SELECT id, diff_status, diff_data, credits_left, credits_right, credits_diff_status
FROM table_diff('FROM users_v1', 'FROM users_v2', pk := 'id') ORDER BY id;
┌────┬─────────────┬──────────────────────────────────────┬──────────────┬───────────────┬─────────────────────┐
│ id │ diff_status │              diff_data               │ credits_left │ credits_right │ credits_diff_status │
├────┼─────────────┼──────────────────────────────────────┼──────────────┼───────────────┼─────────────────────┤
│ 1  │ different   │ {"credits":{"left":100,"right":120}} │ 100          │ 120           │ different           │
│ 2  │ identical   │ NULL                                 │ 50           │ 50            │ identical           │
│ 3  │ left_only   │ NULL                                 │ 75           │ NULL          │ left_only           │
│ 4  │ right_only  │ NULL                                 │ NULL         │ 10            │ right_only          │
└────┴─────────────┴──────────────────────────────────────┴──────────────┴───────────────┴─────────────────────┘

Each row gives you two views of the same diff — pick whichever fits:

  • diff_data — a compact JSON of just the changed columns, {"col": {"left": …, "right": …}} (and json_keys(diff_data) lists which columns changed).
  • Expanded columns — for each compared column: <c>_left, <c>_right (native types), and <c>_diff_status (identical / different / left_only / right_only).
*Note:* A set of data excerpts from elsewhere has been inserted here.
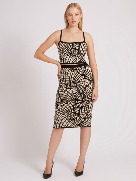 fustă Midi în Amestec De Viscoză.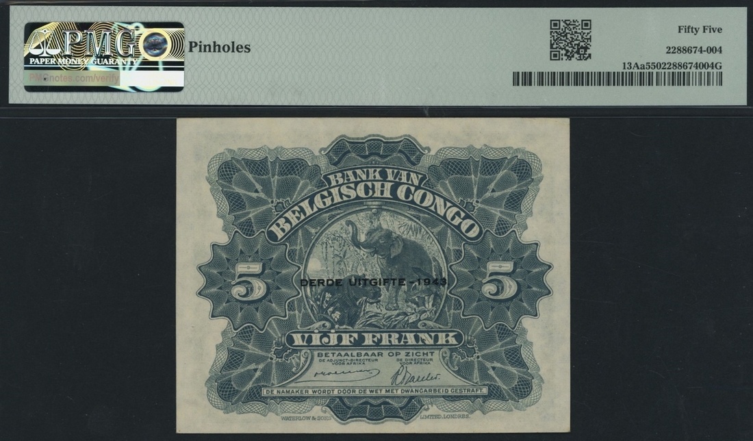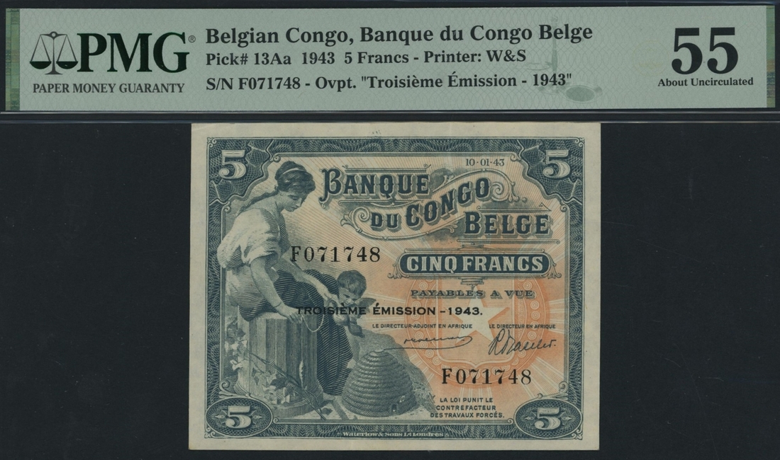 (x) Banque du Congo Belge, 5 Francs, 1943, serial number F071748, troisième émission overprint,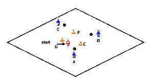 Player A rolls ball towards E (No emphasis on scoring!), keeper dives and stops ball, returning it to player A as quickly as possible and then gets into position at E .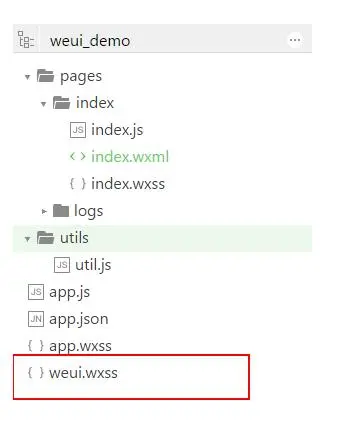 4、在项目中引用:在app.wxss中加入weui.wxss的引用- @import 'weui.wxss';

Real typed columns, so you can filter and compute on them directly.
-- counts + percentages
SELECT * FROM table_diff_summary('FROM users_v1', 'FROM users_v2', pk := 'id');
┌───────────┬───────────┬─────────────┬──────────────┬─────────┬─────────────┬─────────────┬───────────────┬────────────────┐
│ n_identical │ n_different │ n_left_only │ n_right_only │ n_total │ pct_identical │ pct_different │ pct_left_only │ pct_right_only │
├───────────┼───────────┼─────────────┼──────────────┼─────────┼─────────────┼─────────────┼───────────────┼────────────────┤
│     1     │     1     │      1      │      1       │    4    │    25.0     │    25.0     │     25.0      │      25.0      │
└───────────┴───────────┴─────────────┴──────────────┴─────────┴─────────────┴─────────────┴───────────────┴────────────────┘
-- or a single yes/no, simulated from the summary
SELECT n_different + n_left_only + n_right_only = 0
FROM table_diff_summary('FROM users_v1', 'FROM users_v2', pk := 'id');   -- false

Install

Each GitHub Release attaches a signed binary per platform. Download the one matching your DuckDB version and platform, saved as duck_diff.duckdb_extension (DuckDB derives the extension name from the filename), then load it under -unsigned (the binaries are signed with a third-party key, so unsigned extensions must be enabled — a launch flag, not a SET):

curl -L -o duck_diff.duckdb_extension \
  https://github.com/avaitla/duck_diff/releases/download/v0.1.0/duck_diff-v1.5.2-osx_arm64.duckdb_extension
duckdb -unsigned

Load it with the full filepath:

LOAD '/path/to/duck_diff.duckdb_extension';
SELECT * FROM table_diff('FROM a', 'FROM b', pk := 'id');

Platforms: linux_amd64, linux_arm64, osx_amd64, osx_arm64, windows_amd64. Prefer to build it yourself? See Building. Details and signature verification: docs/DISTRIBUTION.md.

Use cases

  • Refactoring SQL (possibly even onto a new database) and ensuring the results are the same.
  • Capturing the differences between snapshots or points in time.
  • Replication integrity — spot-check that a replica matches its source, in the spirit of pt-table-checksum.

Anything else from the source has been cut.